GRE Special Triangles Will 30(Rock)-60-90 You
April 4, 2014
My GRE students are quite aware of my love of the show 30 Rock. I always find a way to work it into our before-class chat and even into our lessons.
That’s because 30 Rock, if you haven’t seen it, is one of the most brilliantly written shows on television. Tina Fey and her adroit team of writers weave together countless and disparate plotlines into one homogenous, hilarious conclusion. The reason I bring this up is that the very same thing happens with the quantitative content on the GRE. It’s slightly less hilarious, but it really does all come together.
Case in point: special triangles. Knowing these is a GRE lifesaver, as long as you know how to use them. The problem is, they require some prerequisite math knowledge to be used to their best advantage.
Any Kaplan student with a laminated strategy sheet can tell you that a right triangle with sides 3 and 4 in length will have a hypotenuse with the length of 5. That’s why they’re called 3-4-5 triangles. However, where my students have had trouble in the past is applying that base knowledge to save time on more advanced problems.
Say a question on the GRE asks for the perimeter of a right triangle with known side lengths of 21 and 35. You could use the Pythagorean Theorem to determine that the remaining side is 28. Then, assuming you remember to re-read the question and add all the sides together, you’d have the correct answer. You’d also have about a minute less time for the rest of the section than you would if you’d attacked the problem in a different way. To save time in the long run, sometimes you need to invest a little more time up front.

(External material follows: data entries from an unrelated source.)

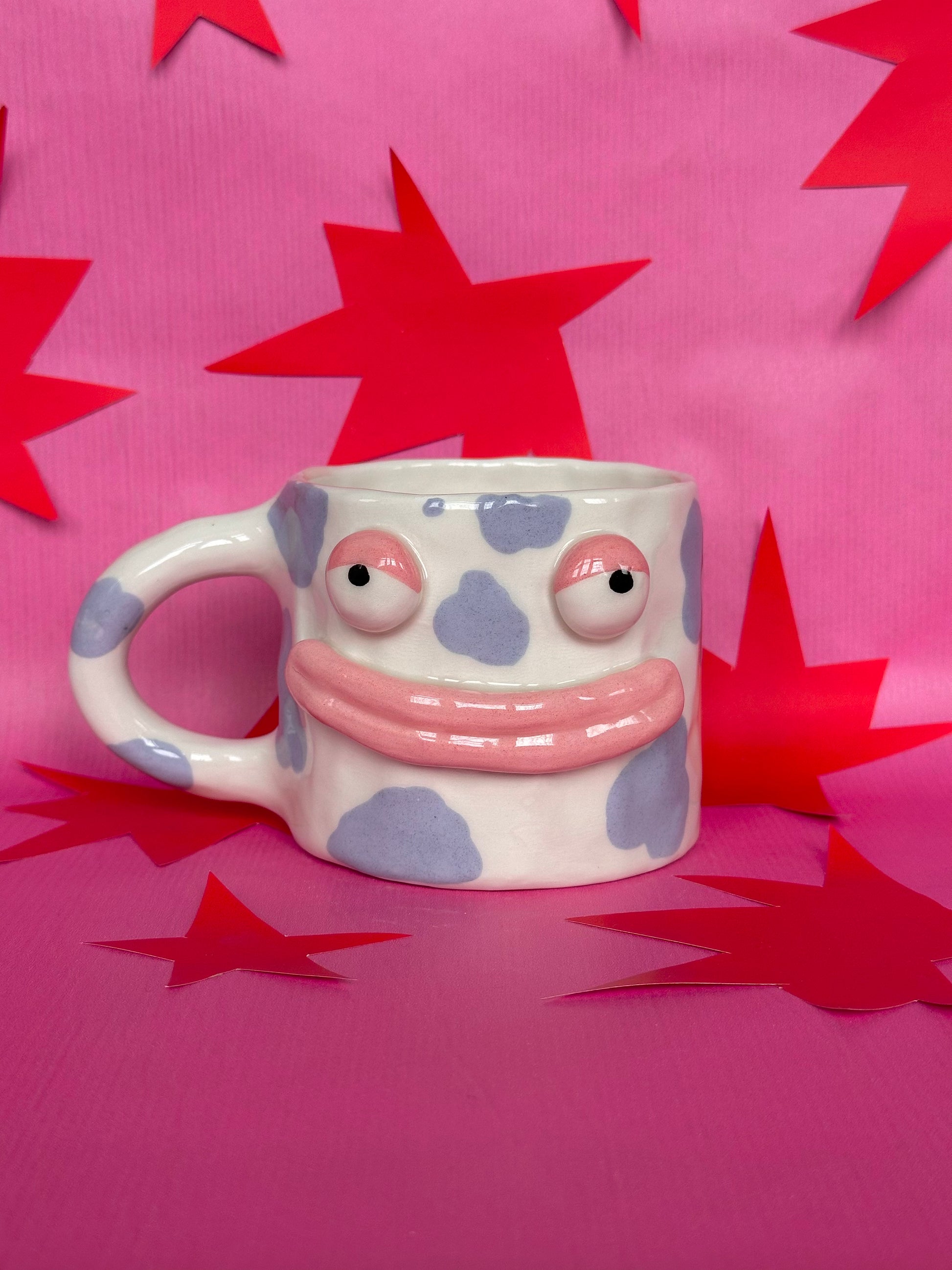 Ręcznie lepiony i malowany, więc każdy trochę inny, trochę krzywy, z możliwą dołeczką tu czy tam — ale właśnie w tym cały jego urok.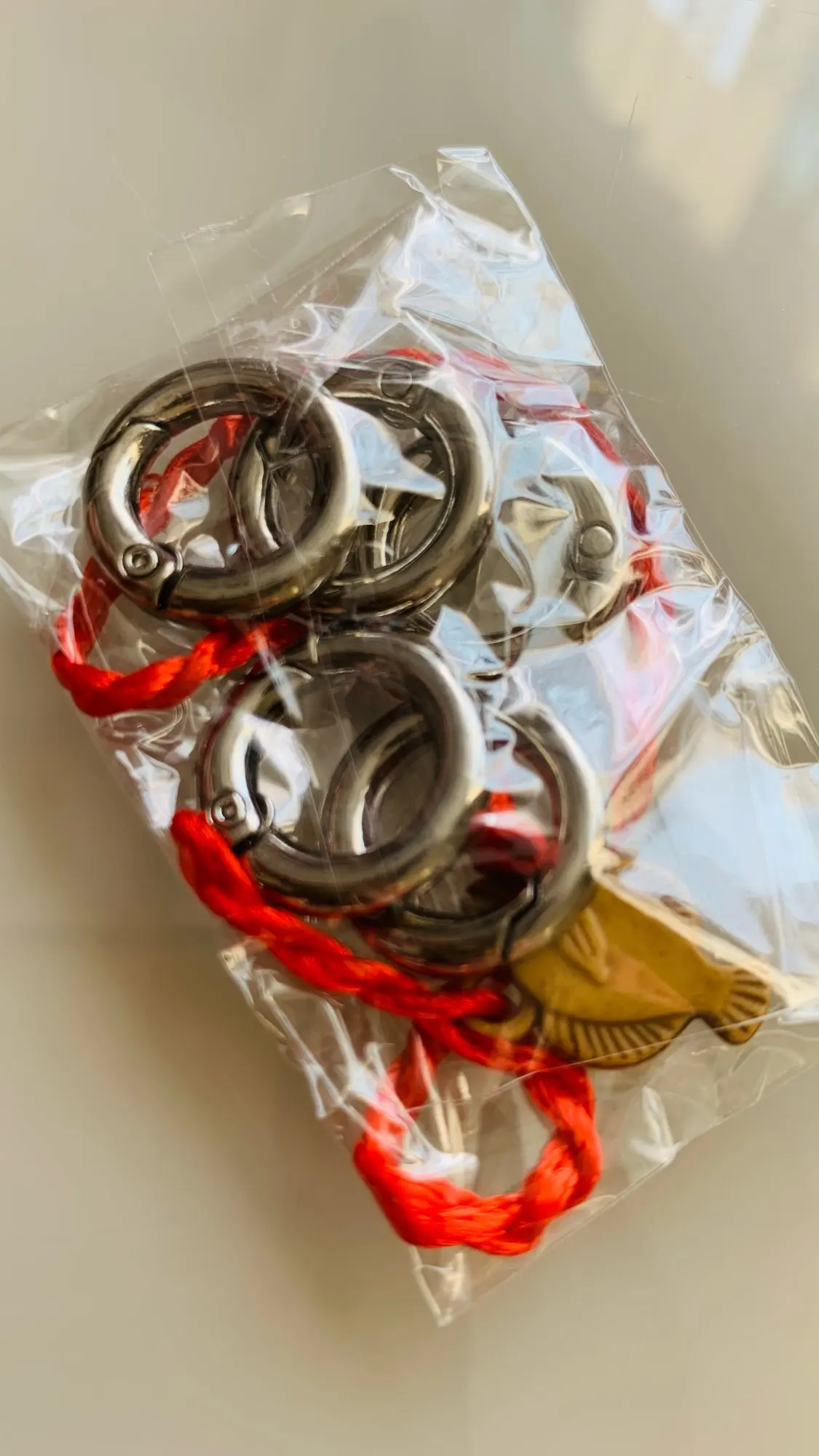 Доставка очень быстрая в сборной посылке. Карабины очень симпатичные, замочек рабочий, продавец положил в подарок браслетик. Не знаю, как покрытие будет в носке. Рекомендую.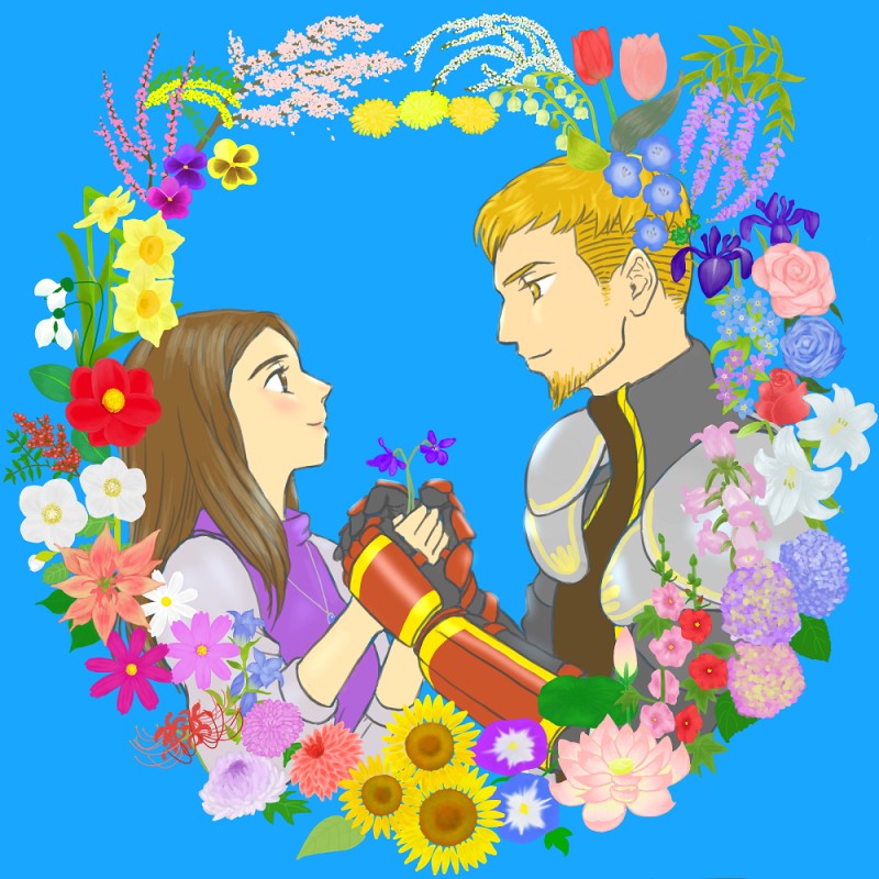 ザルバッグ×ティータでとにかく甘いのを描きたくて。じつは恋愛系以外に希望や未来といった花言葉を持つお花を多めに選んでいて、二人の運命へのせつない対比にしています…。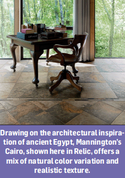 ManningtonDrawing on the architectural inspiration of ancient Egypt, the company’s new Cairo series offers a vibrant mix of natural color variation and realistic texture, noted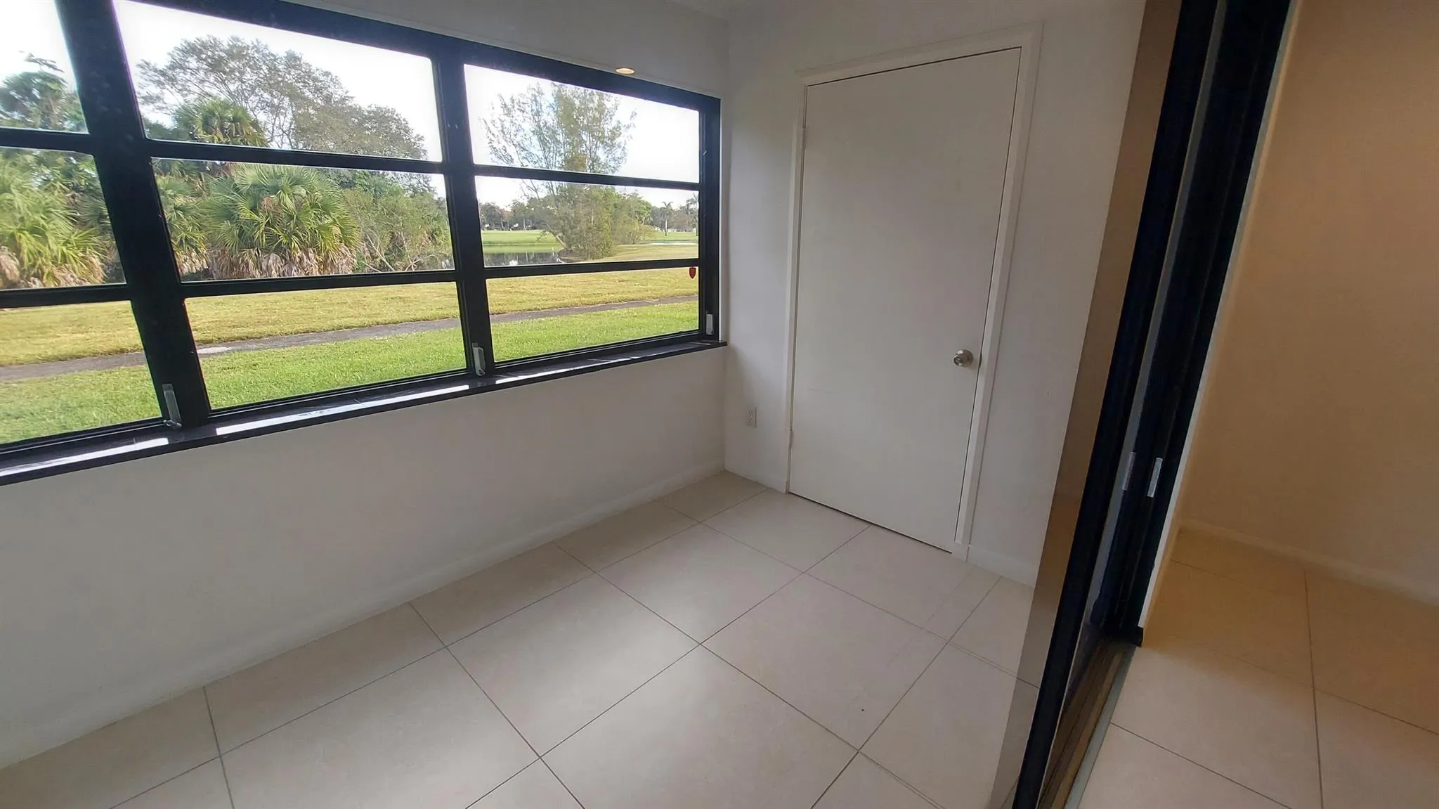 Discover this updated, first-floor unit offering exceptional views of a serene pond and lush greenscape. This 2/2 Condo features a modern kitchen with granite countertops and stainless steel appliances, large-format tile flooring throughout (including closets), an updated master shower, a walk-in master closet, and dual sinks. Enjoy the expansive, window-lined Florida Room, which includes a storage closet and direct access to walking paths. Complete with hurricane shutters for peace of mind. The association fee covers cable/Comcast services. Pets are welcome (up to 25 lbs), and residents have access to two community pools.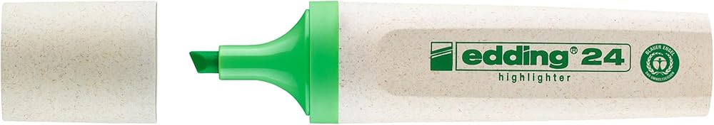 Refillable Highlighter with Water-based Ink for marking and highlighting text on almost all types of paper. High colour brilliance. Barrel and cap made from at least 70% renewable resource. Refillable with Edding HTK.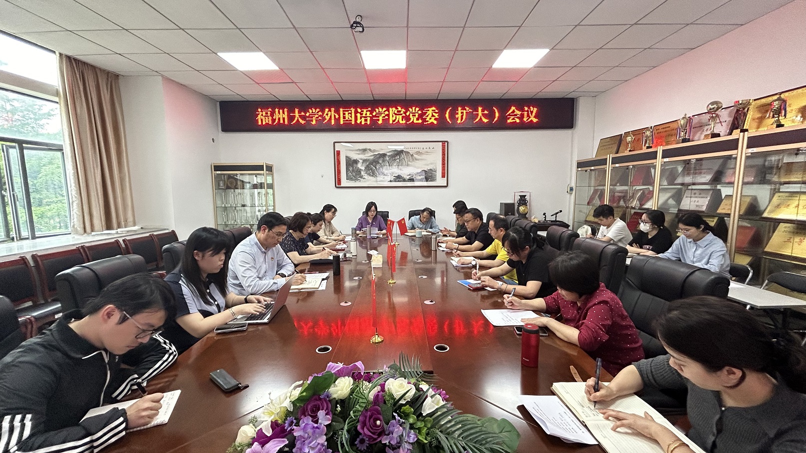 4月16日,外国语学院党委书记程贞玫主持召开学院党委(扩大)会议,传达学习习近平总书记关于党纪学习教育的重要讲话和重要指示精神,学习贯彻校党委常委会会议暨党的建设工作领导小组会议精神,研究部署学院党纪学习教育工作。学院领导班子成员、党委委员、师生党支部书记等参加会议。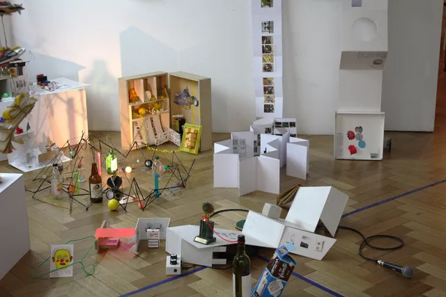 In this exhibition, students present a series of fictional archives composed through a process of exploring entwining narratives derived from readymade objects and from found material within the West Space archive. Initially producing a desktop assemblage, the students extrapolated the project into a Duchampian style portable museum. The resulting propositions function both as artwork and as presentations for displaying fragments of the West Space Reading Room Archive.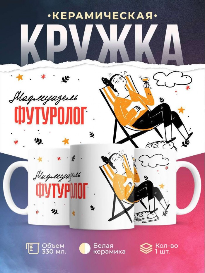 Сувенирная белая кружка с принтом "Мадмуазель футуролог" – отличный подарок родным и близким людям для любого случая. Уникальный дизайн делает ее неповторимой и привлекательной для глаз. Принты могут быть разными: от ярких креативных решений, которые идеально подойдут молодежи, до классических элегантных узоров, радующих взгляд людей любого поколения во время чаепития. Рисунок наносится с использованием специализированного оборудования, материалами, прошедшими испытания на пригодность к использованию в быту.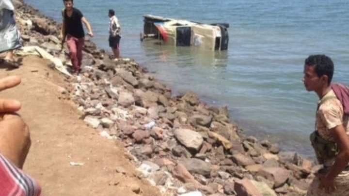 إنقلاب طقم انقلابي في البحر اثناء هروبه بعدن ( صورة)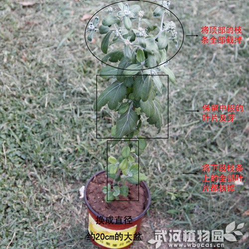 如何挽救这盆菊苗呢?“花博士”建议要尽快换盆,换到直径约20厘米的盆子中去,并且打上底肥。此外,把植株上段截去,植株下段的叶子及芽都抹去,保留植株中间部分的叶子及芽,这样植株可以从中部发出新枝来(图3)。同时,还要定期施肥哟。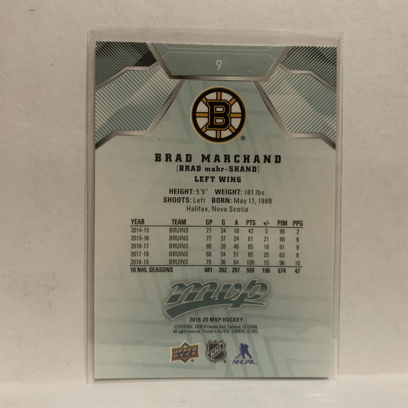 #9 Brad Marchand Boston Bruins 2019-20 Upper Deck MVP Hockey Card KN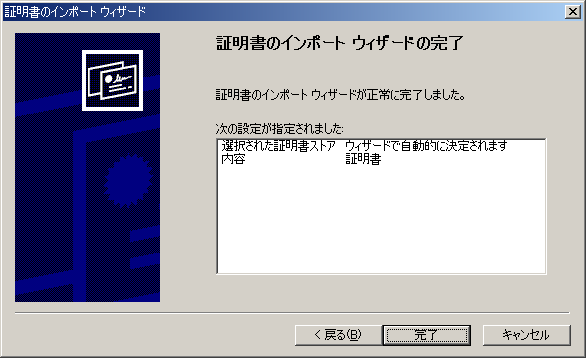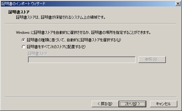 [証明書の種類に基づいて、自動的に証明書ストアを選択する] をクリックし、[次へ] をクリックします。

Anytime you’re working with a figure on the GRE, study it. For this problem, you see that you have a right triangle because the figure either shows that the largest angle is 90 degrees or has a box in the corner where the largest angle is. Determining you have a right triangle is your cue to start examining the side lengths to see if they fit the profile of a special triangle.
Sometimes, you’ll see a 4 and a 5, and your job is easy; the other side is 3. This special right triangle is the first you should learn – the side ratios are always 3:4:5.
Or sometimes you’ll see a side 5 and a hypotenuse 5√2 and you’ll know that the remaining side is 5 (for a 45:45:90 triangle, one of those other special triangles you’ll be sure to review).
3:4:5 Triangles in Disguise
But sometimes, what you’ll see is a special triangle in disguise. In our example, the shortest side of our right triangle was neither 3, 4 nor 5. It was 21. But 21 is a multiple of three. More specifically, it’s 3 x 7. The hypotenuse, or longest side, of the triangle was 35. 35 = 5 x 7. Now we know that we’re dealing with a 3-4-5 triangle. The remaining side has to be a multiple of 4 in the same way the other sides were multiples of 3 and 5. 4 x 7 = 28.
Now we can use the calculator to add it all together and get the correct answer, 84, for the perimeter of the triangle. Or we could save even more time by extending our knowledge of proportions and number properties.
We know that our 21-28-35 triangle was just a 3-4-5 triangle in a “times-seven” disguise. We also know that the distributive property tells us that ab + ac + ad = a(b+c+d). Doesn’t it follow then, that 3(7) + 4(7) + 5(7) = (7)(3+4+5)? On that clunky on-screen GRE calculator, you’ll find that 7 x 12 is much quicker than 21 + 28 + 35.
Now, you can get an idea of how all the content you’re reviewing for the GRE can coalesce to make your life easier. And, as you’re moving onto bigger and better things, you need this part of your life to be as easy as possible.
It’s like Jack Donaghy once said to Liz Lemon on 30 Rock: “Lemon, the grown-up dating world is like your haircut. Sometimes, awkward triangles occur.”
To do the truly grown-up thing, we must subvert the awkwardness of such triangles and appreciate them for what they are: masterful amalgams of math magic!